A groundbreaking new cosmic lensing test has reignited the Hubble tension, suggesting the possibility of new physics. For over a decade, cosmology has grappled with a perplexing contradiction: two widely accepted methods for measuring the universe's expansion yield conflicting results.
One approach, utilizing nearby stars and supernovae, estimates an expansion rate of approximately 73 km/s/Mpc. In contrast, the other method, based on the cosmic microwave background (CMB), suggests a slower expansion of around 67 km/s/Mpc. This discrepancy, known as the Hubble tension, has become a significant challenge in modern physics.
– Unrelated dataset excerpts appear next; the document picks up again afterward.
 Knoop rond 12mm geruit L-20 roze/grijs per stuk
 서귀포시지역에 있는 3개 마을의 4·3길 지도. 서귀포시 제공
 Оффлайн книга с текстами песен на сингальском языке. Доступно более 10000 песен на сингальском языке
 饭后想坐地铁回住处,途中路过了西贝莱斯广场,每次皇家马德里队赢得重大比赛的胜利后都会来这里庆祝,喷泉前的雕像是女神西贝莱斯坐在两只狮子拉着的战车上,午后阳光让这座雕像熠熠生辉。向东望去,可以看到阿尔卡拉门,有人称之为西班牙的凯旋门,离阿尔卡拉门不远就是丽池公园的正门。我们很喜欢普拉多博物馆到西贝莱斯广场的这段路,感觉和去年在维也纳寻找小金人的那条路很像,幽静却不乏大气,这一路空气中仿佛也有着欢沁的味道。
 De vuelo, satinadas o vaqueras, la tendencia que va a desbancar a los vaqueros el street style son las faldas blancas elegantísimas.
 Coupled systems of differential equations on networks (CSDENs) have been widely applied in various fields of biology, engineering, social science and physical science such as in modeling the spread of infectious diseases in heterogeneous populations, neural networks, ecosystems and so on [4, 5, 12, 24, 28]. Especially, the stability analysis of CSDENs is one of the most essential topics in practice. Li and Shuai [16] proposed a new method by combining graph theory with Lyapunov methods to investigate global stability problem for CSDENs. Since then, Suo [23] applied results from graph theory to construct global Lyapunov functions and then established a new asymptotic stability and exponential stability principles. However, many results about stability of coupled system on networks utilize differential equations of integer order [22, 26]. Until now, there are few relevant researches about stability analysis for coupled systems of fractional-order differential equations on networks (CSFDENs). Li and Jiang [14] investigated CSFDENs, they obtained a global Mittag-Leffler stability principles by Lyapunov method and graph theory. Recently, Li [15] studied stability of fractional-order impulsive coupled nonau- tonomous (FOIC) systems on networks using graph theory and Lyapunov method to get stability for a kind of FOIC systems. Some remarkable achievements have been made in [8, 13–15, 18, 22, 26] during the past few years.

To address this issue, a team of astronomers has taken an innovative approach by employing time-delay cosmography, a method that measures tiny time delays in the light paths of gravitationally lensed quasars. Their findings suggest that the Hubble tension may not be a mere measurement error but a reflection of real physics that current theories cannot fully explain.
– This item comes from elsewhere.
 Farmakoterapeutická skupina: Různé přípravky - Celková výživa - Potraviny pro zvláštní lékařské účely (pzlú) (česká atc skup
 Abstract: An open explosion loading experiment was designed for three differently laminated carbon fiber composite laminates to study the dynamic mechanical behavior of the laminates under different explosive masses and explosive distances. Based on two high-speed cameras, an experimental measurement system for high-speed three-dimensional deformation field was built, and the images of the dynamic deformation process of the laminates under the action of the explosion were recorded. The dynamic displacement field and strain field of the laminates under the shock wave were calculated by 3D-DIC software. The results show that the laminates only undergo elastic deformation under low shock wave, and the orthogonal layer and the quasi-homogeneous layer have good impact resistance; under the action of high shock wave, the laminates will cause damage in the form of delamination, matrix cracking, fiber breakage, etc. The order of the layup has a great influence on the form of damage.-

The study's authors emphasize the importance of this discovery, stating that it could indicate a new era in cosmology, potentially revealing new physics. By bypassing the traditional distance ladder method, which can accumulate small uncertainties, the team achieved a measurement of the Hubble constant with approximately 4.5% precision.
This precision supports the higher expansion rate observed in local-universe studies, implying that the Hubble tension might be a genuine phenomenon rather than a measurement glitch. However, the researchers acknowledge that uncertainties persist, particularly regarding the distribution of mass within lensing galaxies. They stress the need for a larger sample size and more precise measurements to definitively confirm the presence of new physics.
Despite the challenges, the astronomers remain optimistic about the future of this research. With the aid of advanced telescopes, they aim to expand their sample size, refine their images, and eliminate any remaining sources of error. This comprehensive approach will enable them to more accurately determine the Hubble constant and ultimately resolve the Hubble tension.